_Material provided_.
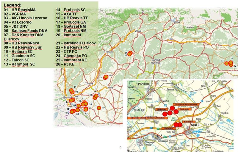 3 – Mapa logistických nehnuteľností na Slovensku (s legendou)
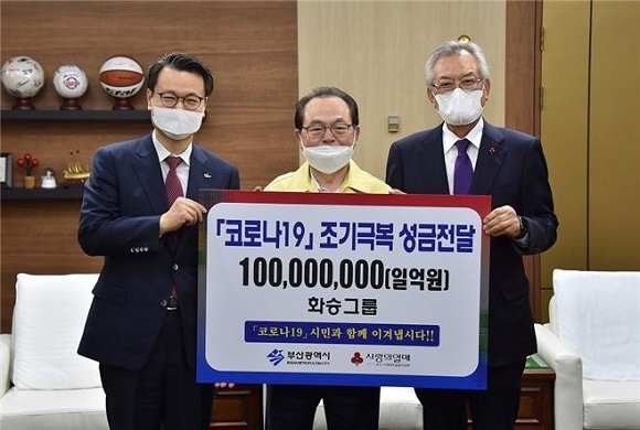 부산시는 지난 4일 오후 시청 7층 접견실에서 화승그룹, ㈜대한제강, 한국거래소(KRX)가 코로나19 극복을 위한 성금 각 1억원씩 총 3억원을 시에 전달했다고 5일 밝혔다.
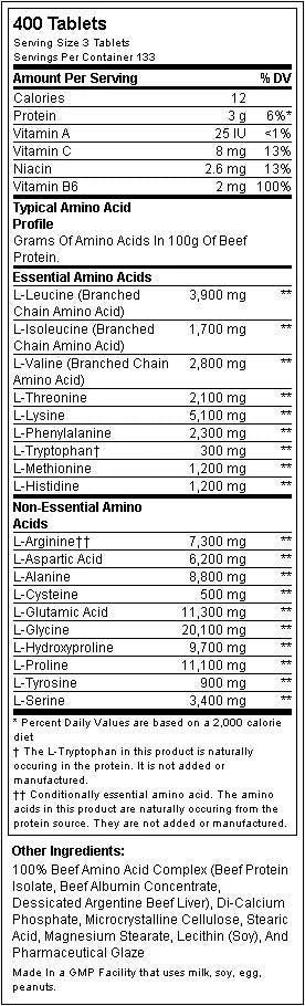 Съставът съдържа аминокиселини, извлечени от висококачествен говежди протеин изолат, говежди албумин концентрат и черен дроб от аржентински говеда. Всяка таблетка предоставя важни нутриенти за поддържане на мускулната тъкан, ускоряване на възстановяването и подобряване на общия тонус. Приемът преди хранене допълнително увеличава дневния прием на аминокиселини и подпомага анаболния потенциал на организма.

_Task requirements_. All of the data is to be transcribed exactly, with images omitted.

_Response area_.
 3 – Mapa logistických nehnuteľností na Slovensku (s legendou)
 부산시는 지난 4일 오후 시청 7층 접견실에서 화승그룹, ㈜대한제강, 한국거래소(KRX)가 코로나19 극복을 위한 성금 각 1억원씩 총 3억원을 시에 전달했다고 5일 밝혔다.
 Съставът съдържа аминокиселини, извлечени от висококачествен говежди протеин изолат, говежди албумин концентрат и черен дроб от аржентински говеда. Всяка таблетка предоставя важни нутриенти за поддържане на мускулната тъкан, ускоряване на възстановяването и подобряване на общия тонус. Приемът преди хранене допълнително увеличава дневния прием на аминокиселини и подпомага анаболния потенциал на организма.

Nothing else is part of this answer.